Il me parle de comment il est, qu’il a changé, mais qu’il pourrait redevenir comme avant ou j’sais pas quoi. Mais c’est sans rapport. Lui il n’y est pour rien, c’est moi qui n’arrive pas à franchir le pas. Nan, nan, il ne m’écoute pas, il ne comprend pas.

J’lui ai dit que j’étais désolée de lui avoir fait perdre son temps. Il m’a d’mandé pourquoi j’étais v’nue. J’lui ai répondu qu’c’était pour me convaincre. Mais ça non plus il a pas compris. Il m’a dit que je compliquais tout, que j’étais pas logique. Il voit pas les efforts que je fais pour lui. Il s’en fout. Il admet pas que j’l’apprécie, mais que c’est pas suffisant pour me mettre avec lui.

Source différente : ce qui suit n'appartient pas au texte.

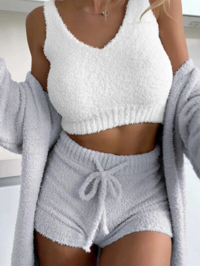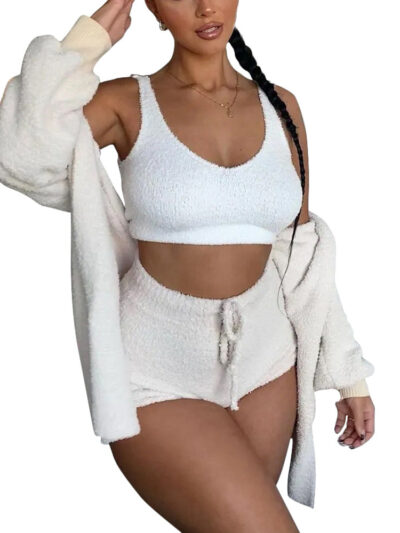 Thermal Three-piece Fluff Coat Spaghetti Strap Short Top Shorts Suit
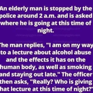 An elderly man is stopped by the police around 2 a.m. and is asked where he is going at this time of night. The man replies, “I…
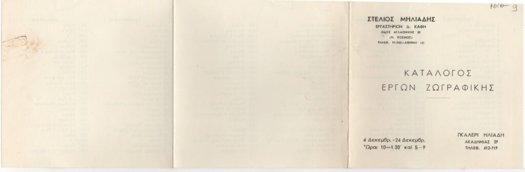 Τιμοκατάλογος, χαρτί δίπτυχο, 12,5×12,5 εκ., στα ελληνικά και γαλλικά, έργων ατομικής έκθεσης ζωγραφικής του Στέλιου Μηλιάδη.
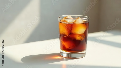 Refreshing Iced Coffee in a Glass on a Bright Surface with Sunlight
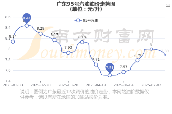 8月2日,广东95号汽油的价格是7.89元每升,本次的调整时间为7月16日,对比上次的调整下跌了0.11元,下跌1.375%,下次调整时间为8月12日24时,还有10.35天。

J’aurais aimé lui dire que j’y avais tellement cru, que c’était un type bien pour moi, que pour une fois j’avais la volonté d’me poser avec quelqu’un. J’ai pas osé. Il ne m’aurait de toute façon pas cru.

A force de l’entendre me répéter que j’étais pas logique, que je préférais coucher avec n’importe qui que de passer des bons moments avec quelqu’un pour qui j’ai des sentiments, sans savoir exactement ce qu’il se passe, j’me suis énervée. J’ai préférée me barrer.

Avec lui c’est tout ou rien. Le reste, il refuse catégoriquement de le comprendre.

J’suis même pas arrivée à pleurer sur mon sort. Tout ce dont à quoi j’ai pensé sur le chemin du retour c’est que jamais j’y arriverai, que je l’amour devient une utopie pour moi. Je n’ferais jamais l’amour. Baiser sera mon seul langage. Des sentiments ? Nan. Ou alors pas partagé. C’qui arrive souvent d’ailleurs…

Je suis un paradoxe, je n’sais pas c’que j’veux.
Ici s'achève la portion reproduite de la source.